Sweden not so feminist…


A Swedish court acquitted a 27-year-old man of raping a 13-year-old girl because she looked older. Add this to similar cases in the U.S. and U.K., and we’ve got a sickening problem.
A man who raped a 13-year-old girl has been acquitted on the grounds that her body was “well-developed” for her age. The Swedish teenager had lodged an appeal against the ruling on her perpetrator, 27, but it was thrown out of court this week as officials decided her figure exempted him from blame as he “could not have known” how old she was.

The ruling has called Sweden’s sexual assault laws into question: legislation that states a defendant must “know” or have “reasonable grounds to believe” that the child is under 15, the country’s age of consent. The statute also classifies having sex with someone below that age as “child rape.”

The girl’s lawyer, Goran Landerdahl, told the country’s national news agency that they were planning to bring the case to Sweden’s Supreme Court in the hopes of setting a benchmark for how issues of this nature are treated in the future.

“Judges read newspapers too,” Landerdahl told TT News, “so perhaps someone will realize that there are irregularities in this case.” He also criticized adults who have sex with those who look “borderline 15-years-old” without attempting to verify their age, saying that they must be held responsible for their decisions.

But chances of the Supreme Court revising the ruling on the case are slim.
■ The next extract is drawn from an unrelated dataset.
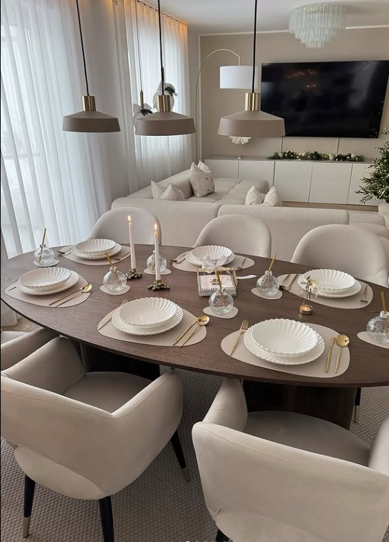 This beautifully styled winter dining area creates a warm, inviting atmosphere with its soft neutral palette, layered textures, and minimal yet elegant table setting.

As legal expert Madeleine Leijonhufvud explains, verdicts for similar abuse issues are often passed without a conviction for the alleged offenders. “The Supreme Court has been very restrictive when it comes to applying legal sexual abuse clauses to cases involving young teenagers,” she told TT.
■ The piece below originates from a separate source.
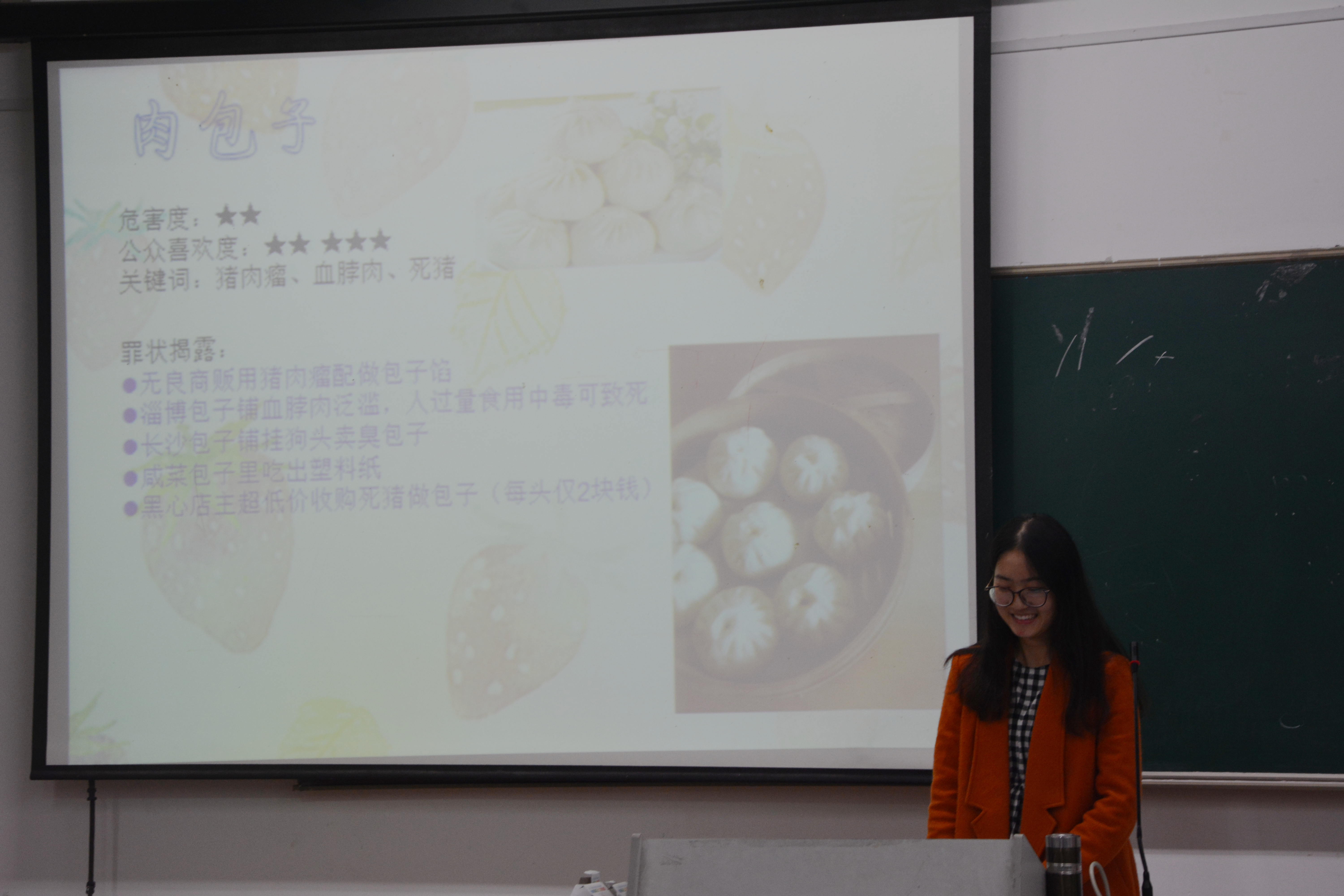 2015年11月21日,为了普及食品安全的知识,让大家更加了解食品安全的定义,毛巾哥探花 食品安全大赛的决赛在教学A楼214举行。团委学生联合会主席李昊晔,团委副书记田兰馨,团委学生联合会副主席顾剑飞作为此次比赛的评委。

This latest case is horrifying, but it’s not the first in recent history to expose how authorities around the world mistreat young rape victims. Earlier this year, a London judge accused a 16-year-old girl of “grooming” her 44-year-old teacher for sex, likening her actions to a stalker and telling the older man: “If anything, it was she who groomed you. You gave way to temptation at a time when you were emotionally vulnerable because of problems with your wife’s pregnancy.”

Judge Joanna Greenberg, QC, added: “There is no evidence you encouraged her in any way”—a comment that seemed all the more misguided given that the accused, Stuart Kerner, had taken the girl’s virginity in a school storage cupboard. Elsewhere in the U.K., victims of a gang who coerced hundreds of children into underage sex were labelled as “very difficult girls making bad choices” by their care workers—an attitude that led to abuse ensuing for many more years.

Add to this the Montana judge who dismissed a 14-year-old girl as “older than her chronological age” after she was raped by her 47-year-old teacher, and therein lies a very bleak picture of our attitudes toward young victims of sexual assault.

The regular refrain espoused by prosecutors and judges—that these girls seem beyond their years, and therefore cannot benefit from the protective laws afforded to others of their age group—is a paltry excuse. Either we design legislation to protect people or we don’t, but denying someone the legal justice they deserve because their chest is a little bigger than average is frankly embarrassing. If the law won’t safeguard these girls, who will?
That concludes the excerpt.